*EXERCISE GOAL:* Please reproduce the data exactly and omit the pictures.

*DATASET EXCERPT:*
Start of Block

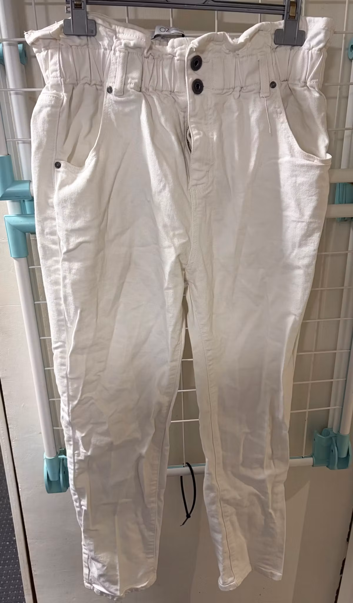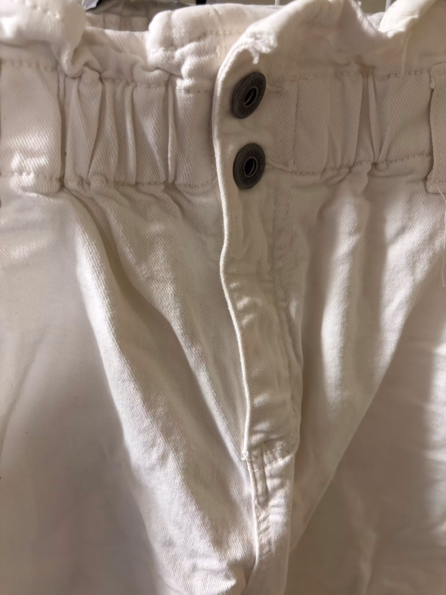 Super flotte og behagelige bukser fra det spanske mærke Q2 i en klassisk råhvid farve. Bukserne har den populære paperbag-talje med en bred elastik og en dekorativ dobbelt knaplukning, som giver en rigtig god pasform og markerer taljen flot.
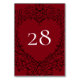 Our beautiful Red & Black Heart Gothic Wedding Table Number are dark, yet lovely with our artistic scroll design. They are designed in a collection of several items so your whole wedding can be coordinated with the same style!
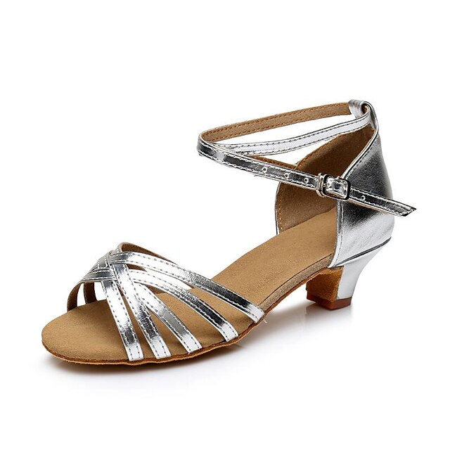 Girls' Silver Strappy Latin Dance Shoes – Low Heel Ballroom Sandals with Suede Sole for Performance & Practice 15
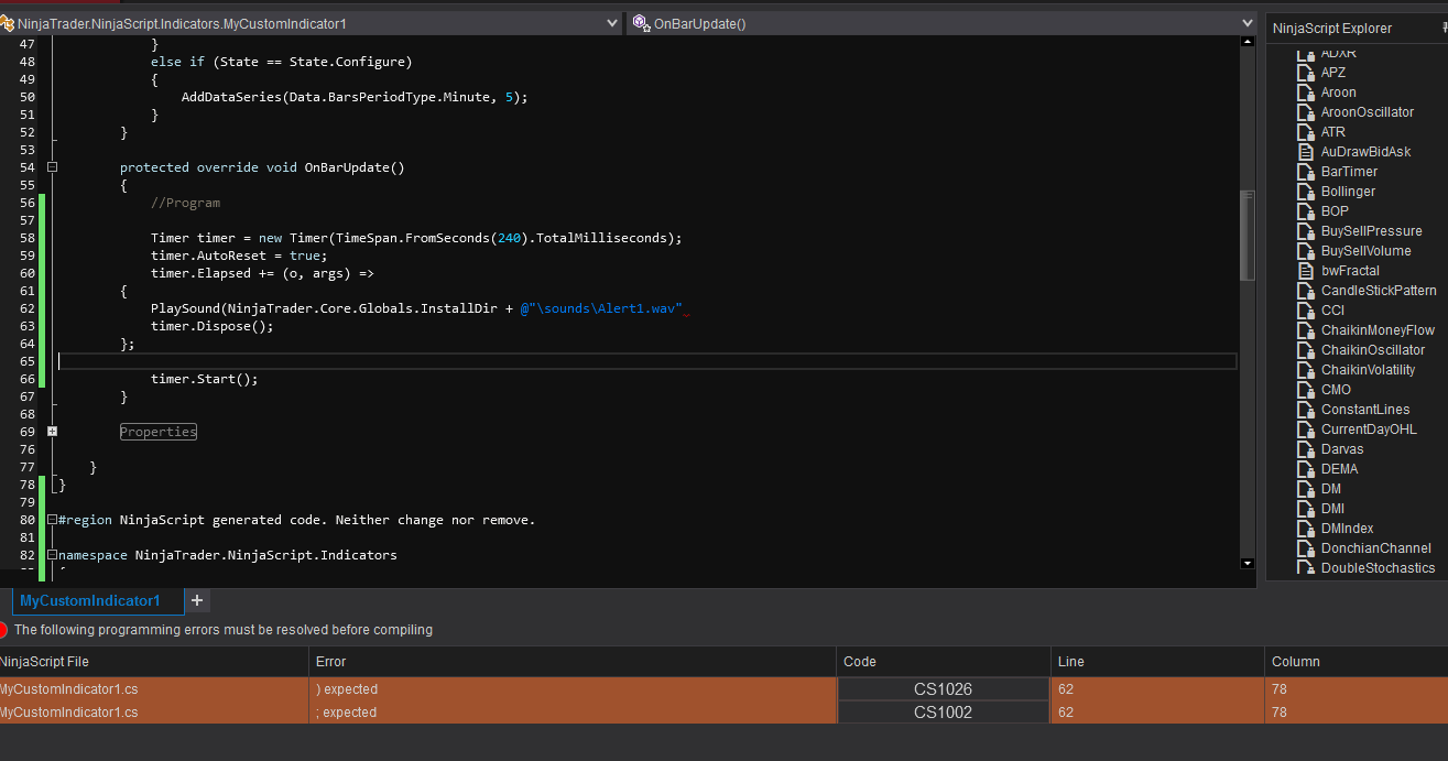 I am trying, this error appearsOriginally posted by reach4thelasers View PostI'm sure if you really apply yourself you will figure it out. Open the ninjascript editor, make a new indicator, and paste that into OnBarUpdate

End of Block

*EXERCISE ANSWER:*
 Super flotte og behagelige bukser fra det spanske mærke Q2 i en klassisk råhvid farve. Bukserne har den populære paperbag-talje med en bred elastik og en dekorativ dobbelt knaplukning, som giver en rigtig god pasform og markerer taljen flot.
 Our beautiful Red & Black Heart Gothic Wedding Table Number are dark, yet lovely with our artistic scroll design. They are designed in a collection of several items so your whole wedding can be coordinated with the same style!
 Girls' Silver Strappy Latin Dance Shoes – Low Heel Ballroom Sandals with Suede Sole for Performance & Practice 15
 I am trying, this error appearsOriginally posted by reach4thelasers View PostI'm sure if you really apply yourself you will figure it out. Open the ninjascript editor, make a new indicator, and paste that into OnBarUpdate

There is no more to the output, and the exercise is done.